ALY6000 Introduction to Analytics
Instructor Name: Prof. Dee Chiluiza, PhD
Northeastern University
Student: Jayakumar Moris Udayakumar
Date: 17 November, 2024

Executive Summary Report

INTRODUCTION:
In this executive summary report, the dataset “speciesfisheries” will be analyzed. The dataset comprises the information about 7 different fish species and its respective length and weight. It has totally 505 observations. By analyzing the dataset, this report would present basic descriptive statistics, Average length and weight, variable species’ probability and frequencies and cumulative probabilities. In a graphical presentation, pie chart and bar plot displayed for cumulative probabilities. To support the analysis and for the guidance, references taken from book written by Bhuman, A (2018), and RPub blog written by Prof. Chiliuza, D, (2023).

ANALYSIS SECTION

Task 1:

Task 1A:

Description: Using code summary obtaining information about the whole “speciesfisheries” dataset and presenting the same using kable ().

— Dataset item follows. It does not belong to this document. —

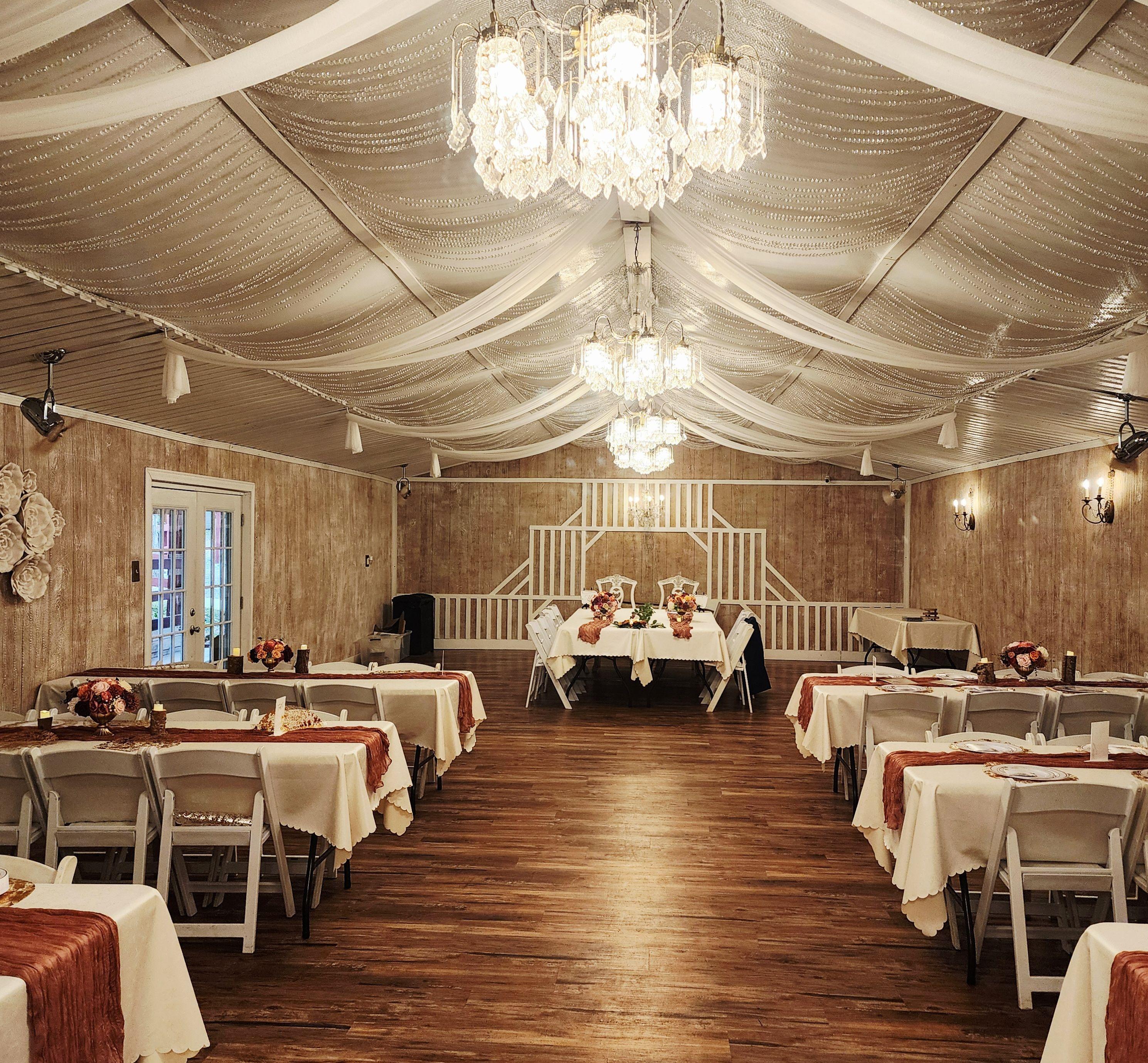 ● Seats up to 150 guests ● Chandeliers ● Heating ● Air conditioning ● Couples table ● Tablecloths ● Bluetooth speaker ● Full kitchen
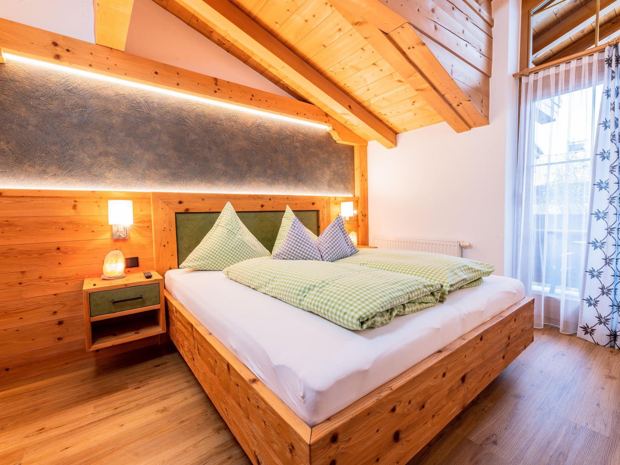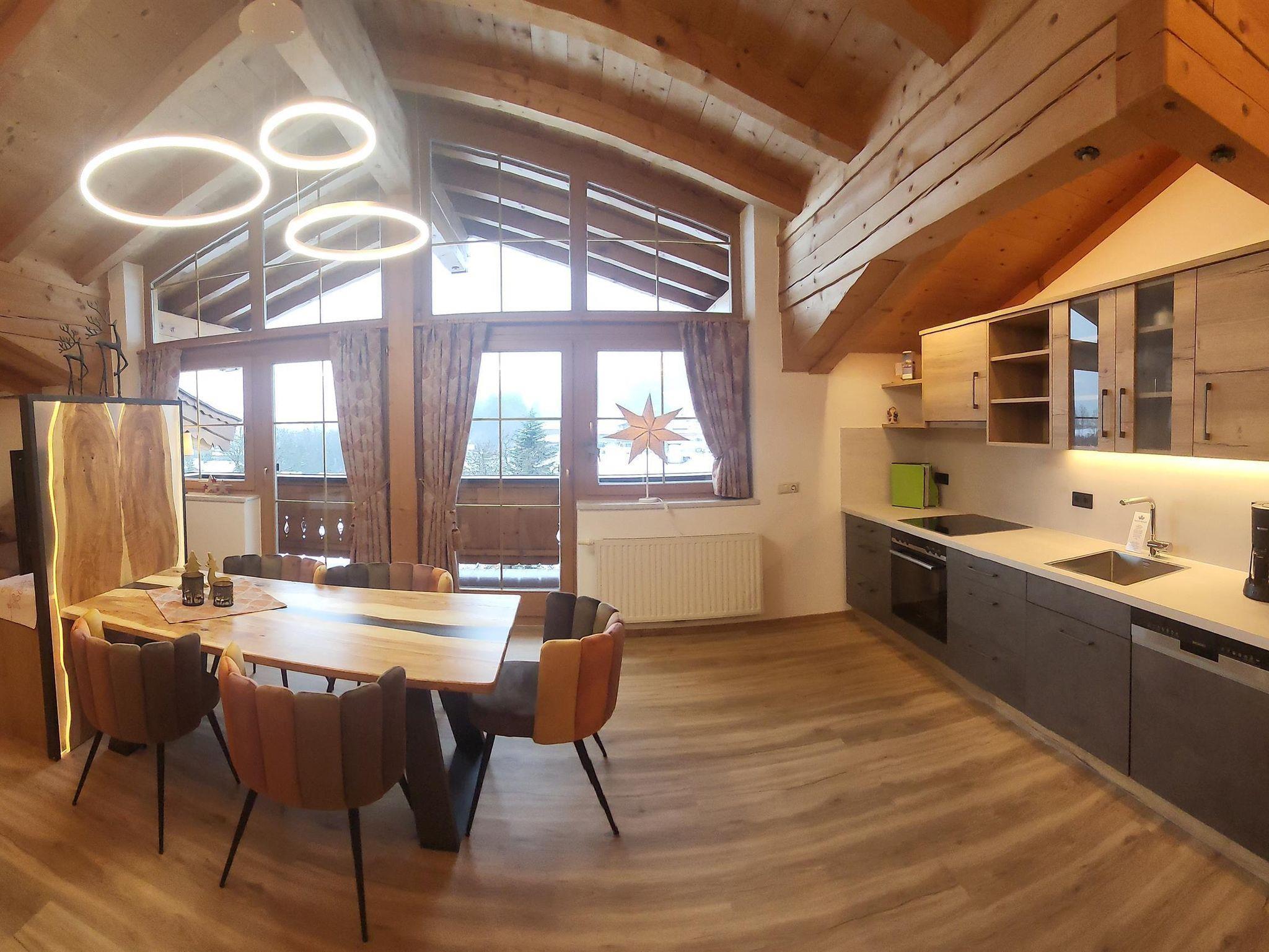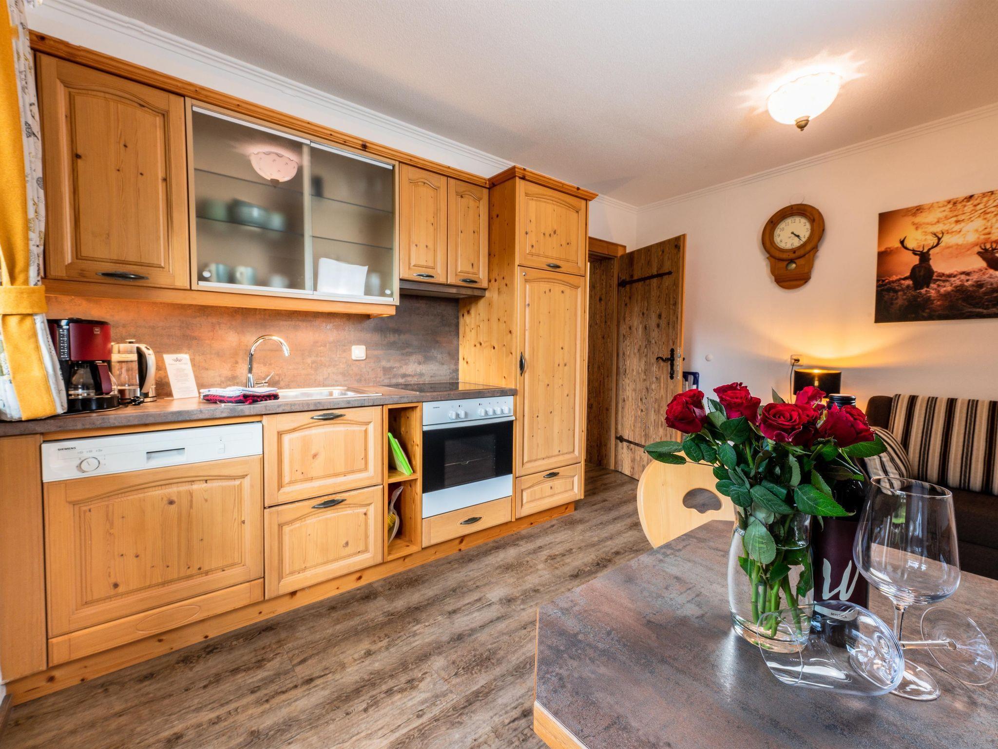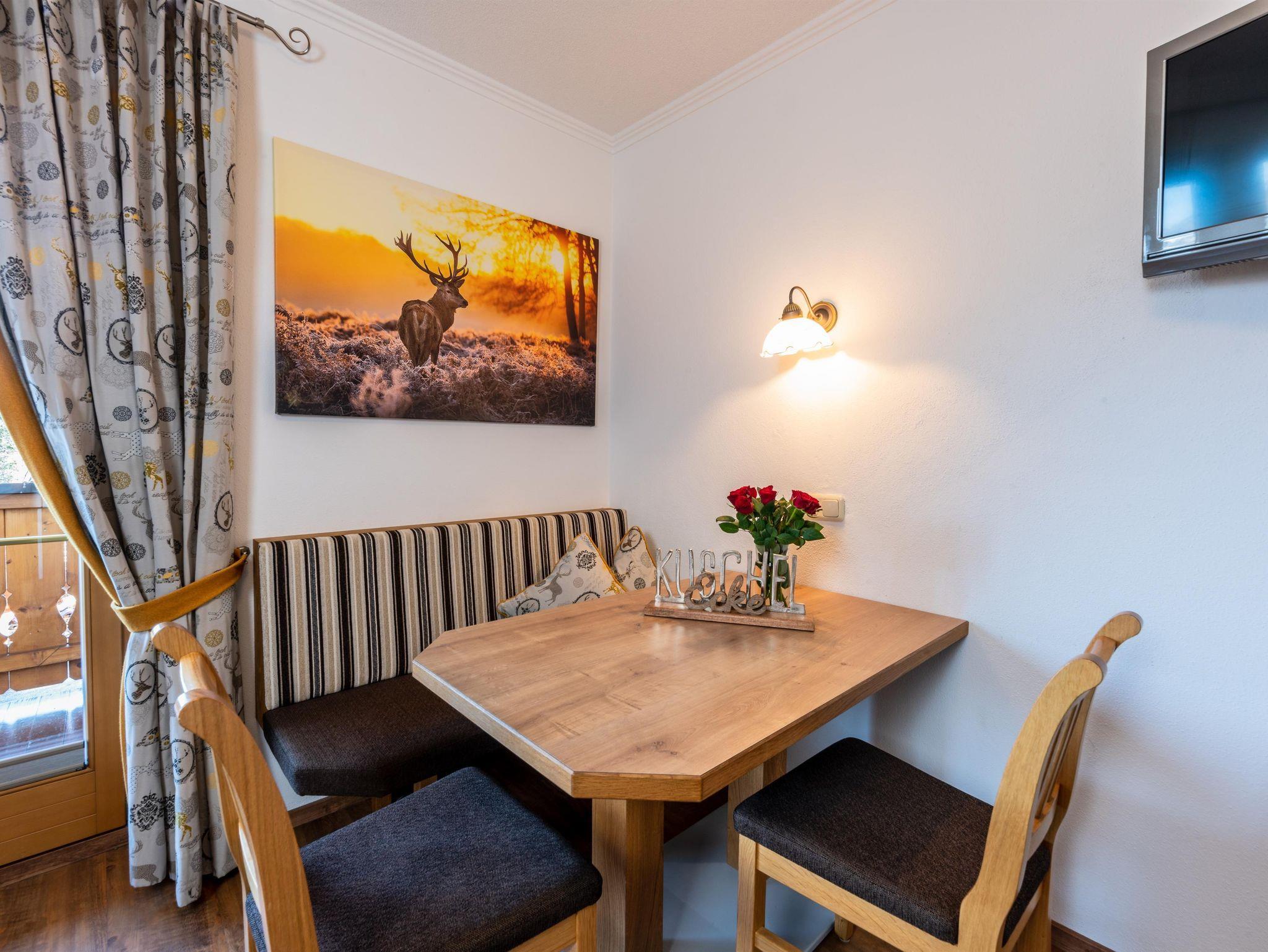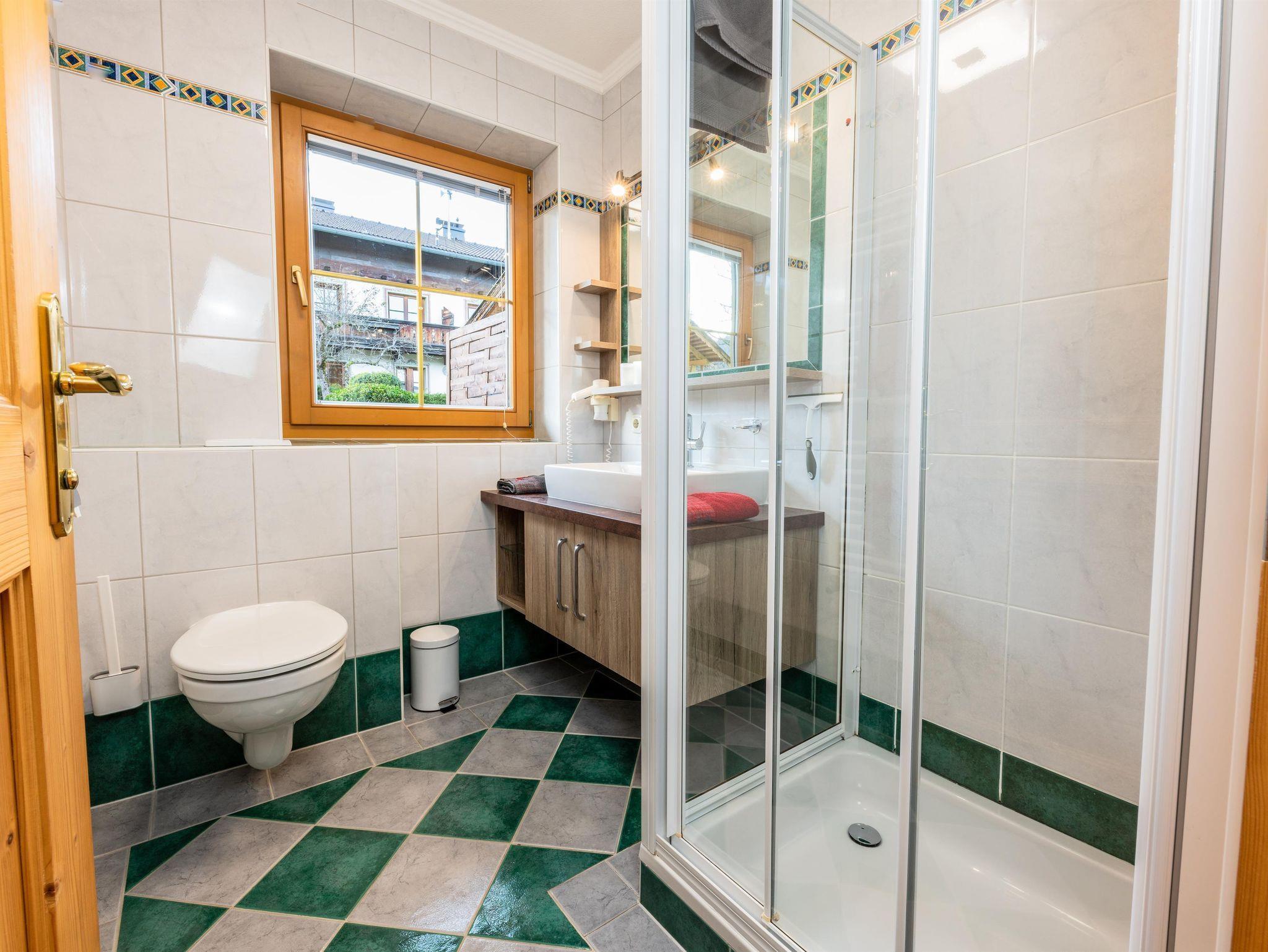 Das Appartement 1 liegt im Erdgeschoss. Es verfügt über eine eigene Terrasse mit Blick Richtung Westen auf den Dorfplatz und nach Norden zum Wilden Kaiser. Im Schlafzimmer befinden sich ein Doppelbett, Schreibtisch, Fernseher sowie ein Kachelofen zur Verfügung. Durch einen Rundbogen gelangen Sie in die großräumige Küche. Die Terrasse ist über die Küche zugänglich.

netID	fishID	species	length	weight	scale
Min. : 4.00	Min. : 7.0	Length:505	Min. : 30.47	Min. : 0.9027	Mode :logical
1st Qu.: 12.00	1st Qu.:169.0	Class :character	1st Qu.: 63.90	1st Qu.: 3.0711	FALSE:194
Median :101.00	Median :569.0	Mode :character	Median :153.04	Median : 60.2374	TRUE :311
Mean : 78.68	Mean :487.5	NA	Mean :160.52	Mean : 129.3169	NA
3rd Qu.:113.00	3rd Qu.:762.0	NA	3rd Qu.:230.11	3rd Qu.: 193.4106	NA
Max. :206.00	Max. :915.0	NA	Max. :432.58	Max. :1071.8813	NA

Observation: The summary shows descriptive statistics of each variable in the dataset. And for the categorical variables such as species, it shows the length, class and mode; also the other categorical variable “scale” denotes the number of datavalues “True” as 311 and “False” as 194. For the variable “length”, min length of one of the species is 30.47, max length of one of the species is 432.58, average is 160.52, and median length is 153.04. Similarly, descriptive statistics for weight of the species: Min. weight is 0.90 and max. weight is 1071.88, median weight is 60.23 and average weight is 129.31. These are basic observations that are visible from the summary function. It is quick and informative.

Task 1B

Description: Applying glimpse function to get information

#applying glimpse function
glimpse(speciesfisheries)

## Rows: 505
## Columns: 6
## $ netID   <dbl> 5, 16, 16, 21, 24, 24, 101, 101, 101, 101, 102, 102, 102, 102,…
## $ fishID  <dbl> 137, 208, 209, 218, 268, 269, 532, 534, 535, 537, 626, 627, 62…
## $ species <chr> "Black Crappie", "Black Crappie", "Black Crappie", "Black Crap…
## $ length  <dbl> 268.75365, 298.37579, 275.35851, 154.17039, 332.43289, 309.698…
## $ weight  <dbl> 276.278409, 380.552210, 260.684962, 47.293176, 580.883012, 441…
## $ scale   <lgl> TRUE, TRUE, TRUE, TRUE, TRUE, TRUE, TRUE, TRUE, TRUE, TRUE, TR…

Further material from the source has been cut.